Still, there are lots of trap doors in the agreement. For example, it doesn’t eliminate compulsory licensing. And it allows countries that are just beginning to offer patent protection for pharmaceuticals and agricultural chemicals to overlook the existing patents of foreign products.

What’s more, while GATT members were given a period of only one year following activation of the agreement, on January 1, 1995, to implement the provisions, developing countries and those moving from a centrally planned economy to a free-market economy—meaning the former Soviet-bloc countries—are exempt for an additional four years. And the least-developed countries have up to 10 years to comply.

The biggest joker in this deck of international agreements, of course, is enforcement. While the GATT agreement and other international treaties provide mechanisms for resolving disputes, experience indicates that such forums rarely deliver satisfactory results.

As U.S. trade officials noted during the 1995 copyright dispute with China, all the necessary international and Chinese laws were already in place to protect American software. It was only the will to enforce those laws that was lacking. It took the threat of U.S. sanctions to help Beijing find its will. But could a lesser trading partner have won China’s compliance by working through an international forum? Not likely. In short, while recent changes in international law affecting intellectual property are important, for the time being it is realpolitik, chiefly in the form of bilateral trade pressures, that will continue to have the greatest impact.

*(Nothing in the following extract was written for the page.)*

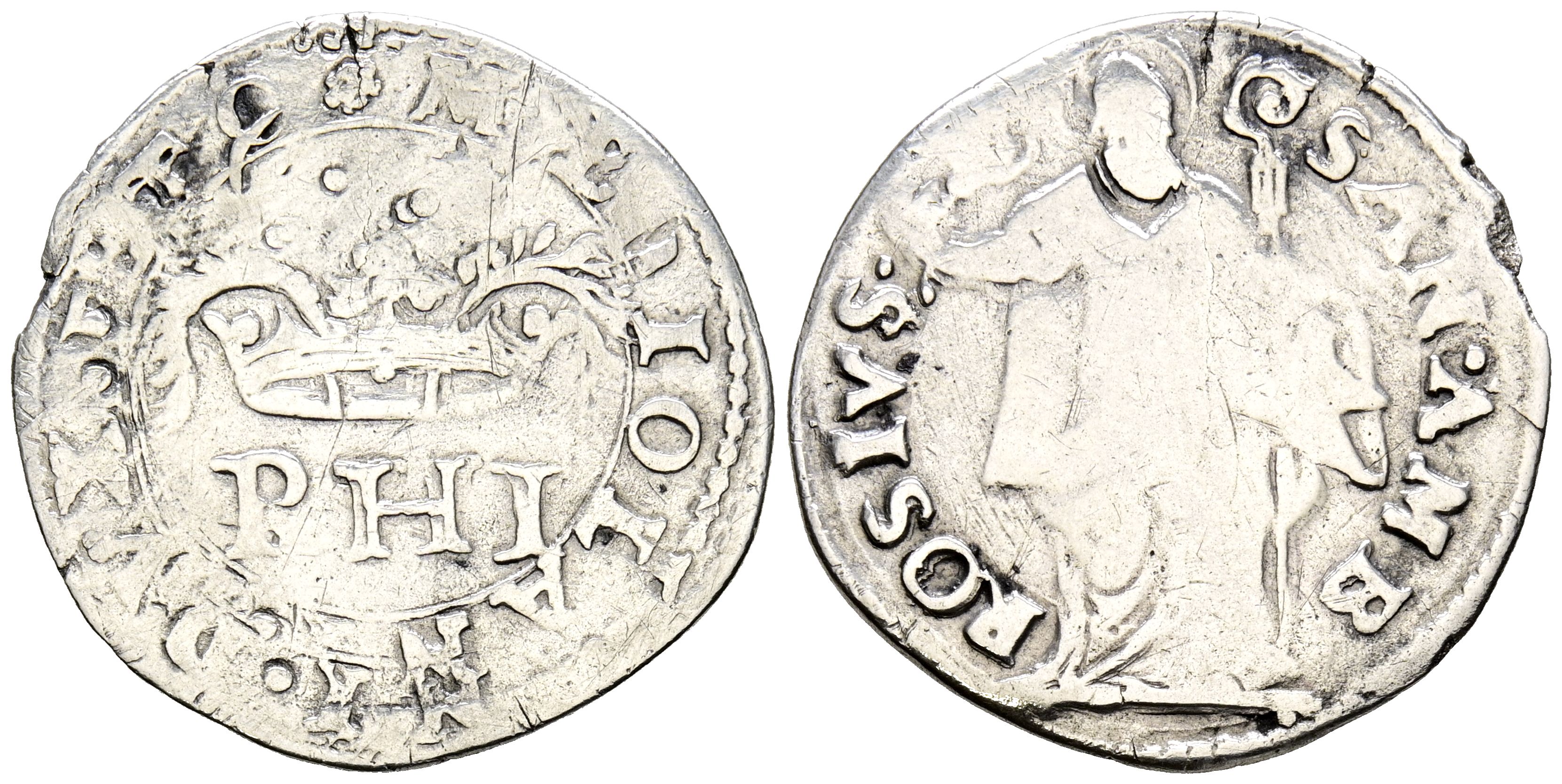 FELIPE II (1556-1598). 5 Sueldos. (Ar. 1,81g/23mm). S/D. Milán. (Vicenti 15). BC. Muy rara.

But while the world’s industrialized countries, led by the United States, continue to step up efforts to counter international thefts of intellectual property, they would do well to consider both the historical context of intellectual property and the longer-term political implications of tighter enforcement measures. Most of the now-industrialized countries, including the United States, achieved that status by building upon the innovations of other countries in an age when "borrowing" an idea—for a better plow design, a textile loom, or a new variety of wheat—didn’t lead to potentially crippling international trade sanctions.

Can the United States reasonably blame a developing country for allowing local companies to produce badly needed drugs at one-tenth the cost of those obtained from a U.S. pharmaceutical company? And can the United States reasonably blame a developing country if it does not want to support the idea of patent protection for seed varieties if it means the country’s farmers will have to pay five times as much to plant their crops?

Ultimately, a system that encourages innovation by securing appropriate rewards for inventors provides the biggest payoff for everyone. But the industrialized countries need to recognize that if they are going to change the rules of the game—and formal intellectual property protections do represent a change in the rules for most countries—they are going to have to help provide alternative routes of economic development.